A revolução do bom humor
Manter um ótimo clima e desenvolver equipes apaixonadas pelo que fazem é a grande mudança feita por Milton Pereira dentro da SerasaPor Priscila D'Amora
Desenvolver e gerir pessoas, esta é a vocação do jornalista e administrador com pós-graduação pela FGV Milton Pereira, que possui mais de 25 anos de experiência em Gestão de Pessoas. Ex-executivo do Banco Itaú e consultor em desenvolvimento de liderança, entre diversos cargos ocupados, atualmente ele é diretor de Desenvolvimento Humano da Serasa, uma das maiores empresas brasileiras do mercado de informações de crédito, e encara o desafio de continuar seu reconhecido trabalho. Recentemente adquirida pelo grupo irlandês de análise de crédito Experian, Pereira garante que somente coisas boas serão somadas nessa nova trajetória, além de muito trabalho, é claro.
Essas e outras façanhas tornaram nosso entrevistado um ponto de referência quando o tema é desenvolver pessoas e trazer resultados. Acompanhe a entrevista concedida com exclusividade ao Empregos.com.br de um gestor bem humorado que fala sobre os instrumentos utilizados pelo RH, a importância de investir em pessoas, liderança, sucessão e novos projetos.
Empregos.com.br – Qual é a real importância de desenvolver pessoas para o seu trabalho?
Milton Pereira – Eu começaria a dizer o seguinte: eu acredito em dois conceitos indissociáveis em gestão de pessoas, são eles: desenvolvimento profissional e o desenvolvimento pessoal. Eu acho que precisamos ter ações focadas nos dois desenvolvimentos para que a pessoa evolua profissionalmente e conquiste os degraus de uma carreira vitoriosa dentro da empresa. Esse é um conceito que aplicamos na Serasa.
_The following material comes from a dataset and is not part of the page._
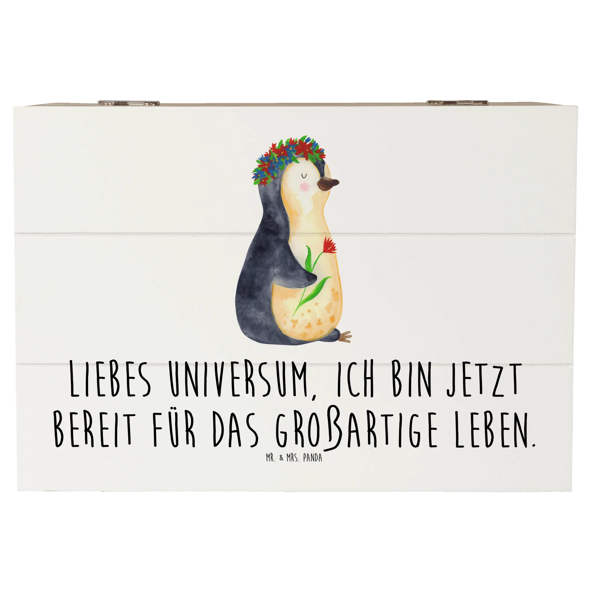 Eine wunderschöne Holzkiste von Mr. & Mrs. Panda: Das Motiv „Pinguin Blumenkranz“ aus der Pinguin - Kollektion zaubert sofort ein Lächeln. Ein süßer Pinguin mit Blumenkranz und Blume in der Hand symbolisiert Lebenslust, Sanftmut und kleine Glücksmomente – ideal als Geschenkidee für Freundinnen, Kinder oder als tröstende Aufmerksamkeit bei Liebeskummer.

A gestão da qualidade de vida, cidadania empresarial, gestão de pessoas por competência, gestão do conhecimento, desenvolvimento de liderança, enfim, nós interligamos programas segundo esses grandes processos, sempre com o pensamento no desenvolvimento de pessoas.
Empregos.com.br – Você acredita que ultimamente o Recursos Humanos vem sendo um pouco repetitivo e caindo sempre nos mesmo processos?
Pereira – Eu acredito que cabe aos gestores e lideranças da empresa proporcionar um ambiente de trabalho agradável e prazeroso para a pessoa, e produtivo para a empresa. Eu acho que se essa equação não for fechada, as pessoas não se motivarão. A junção dessas duas condições é importante. Em minha opinião, cair na mesmice de RH é focarmos nosso trabalho em instrumentos de gestão, eles ajudam, mas não são determinantes, ou pelo menos não deveriam ser. Por exemplo, você possui instrumentos de avaliação, de medição, de indicadores, etc. Todos são importantes, desde que a empresa tenha em si a filosofia de gestão de pessoas, pois é dessa filosofia que virão as políticas.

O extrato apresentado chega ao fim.